TASK GOAL:
Copy the data that follows, character for character, minus the pictures.

::: DATA TO PROCESS

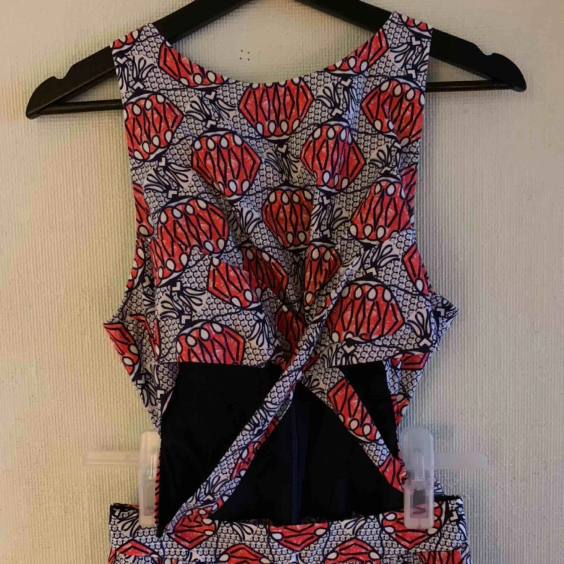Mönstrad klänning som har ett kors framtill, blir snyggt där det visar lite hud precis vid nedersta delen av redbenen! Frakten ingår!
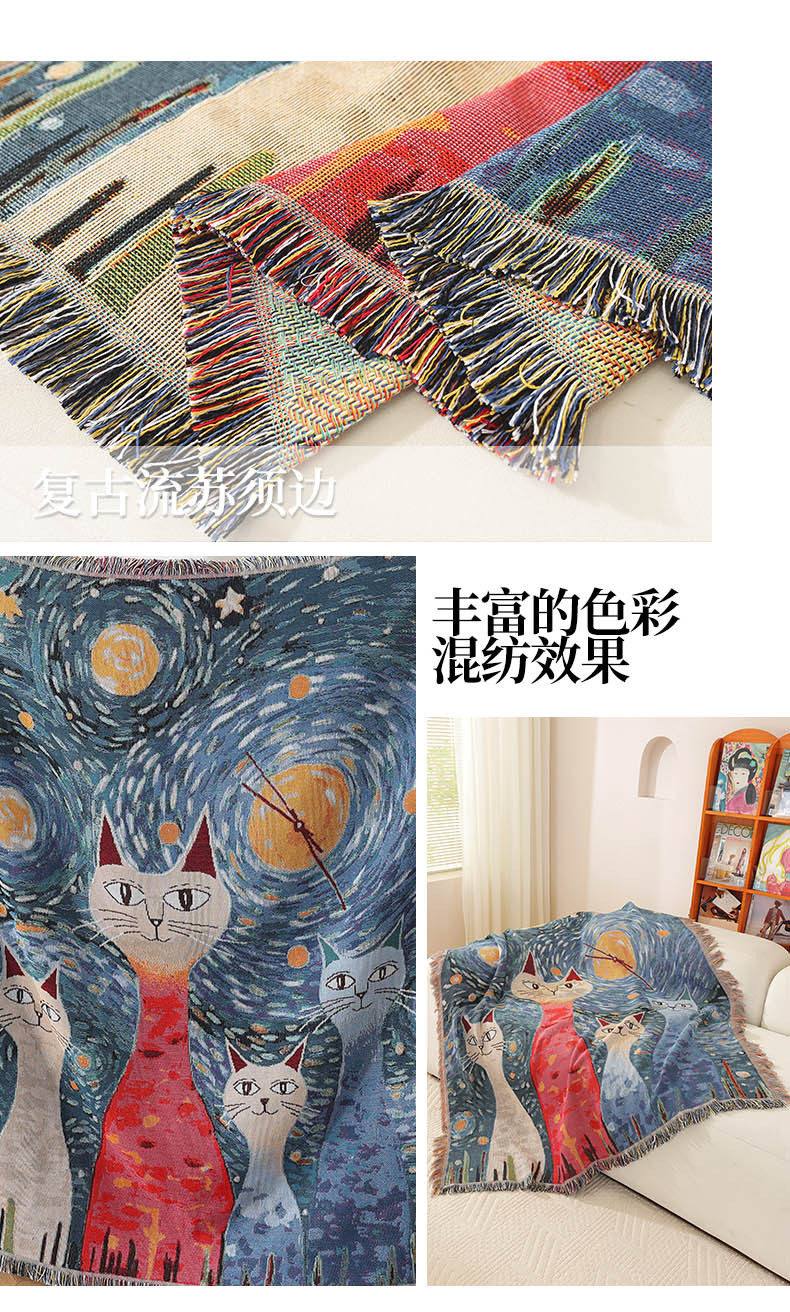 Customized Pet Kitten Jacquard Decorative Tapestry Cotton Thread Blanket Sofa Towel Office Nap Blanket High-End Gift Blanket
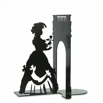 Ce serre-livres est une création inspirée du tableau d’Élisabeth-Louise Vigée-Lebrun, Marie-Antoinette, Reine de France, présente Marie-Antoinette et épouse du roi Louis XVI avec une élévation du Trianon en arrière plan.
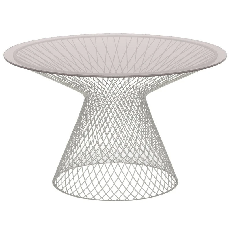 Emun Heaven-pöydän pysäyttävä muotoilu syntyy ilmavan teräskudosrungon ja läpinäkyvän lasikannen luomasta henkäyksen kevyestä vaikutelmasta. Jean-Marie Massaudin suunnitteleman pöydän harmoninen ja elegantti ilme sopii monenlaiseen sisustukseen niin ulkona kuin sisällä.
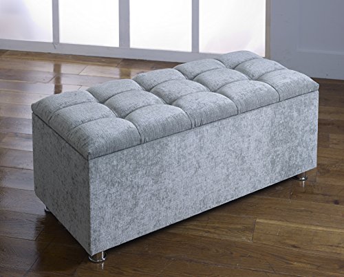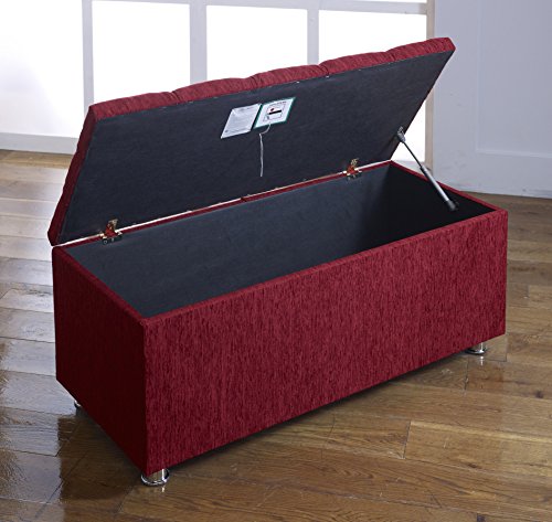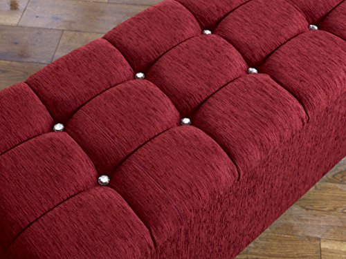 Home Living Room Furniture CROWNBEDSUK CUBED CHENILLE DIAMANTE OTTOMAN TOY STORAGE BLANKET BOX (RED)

::::::

EXERCISE OUTPUT:
Mönstrad klänning som har ett kors framtill, blir snyggt där det visar lite hud precis vid nedersta delen av redbenen! Frakten ingår!
 Customized Pet Kitten Jacquard Decorative Tapestry Cotton Thread Blanket Sofa Towel Office Nap Blanket High-End Gift Blanket
 Ce serre-livres est une création inspirée du tableau d’Élisabeth-Louise Vigée-Lebrun, Marie-Antoinette, Reine de France, présente Marie-Antoinette et épouse du roi Louis XVI avec une élévation du Trianon en arrière plan.
 Emun Heaven-pöydän pysäyttävä muotoilu syntyy ilmavan teräskudosrungon ja läpinäkyvän lasikannen luomasta henkäyksen kevyestä vaikutelmasta. Jean-Marie Massaudin suunnitteleman pöydän harmoninen ja elegantti ilme sopii monenlaiseen sisustukseen niin ulkona kuin sisällä.
 Home Living Room Furniture CROWNBEDSUK CUBED CHENILLE DIAMANTE OTTOMAN TOY STORAGE BLANKET BOX (RED)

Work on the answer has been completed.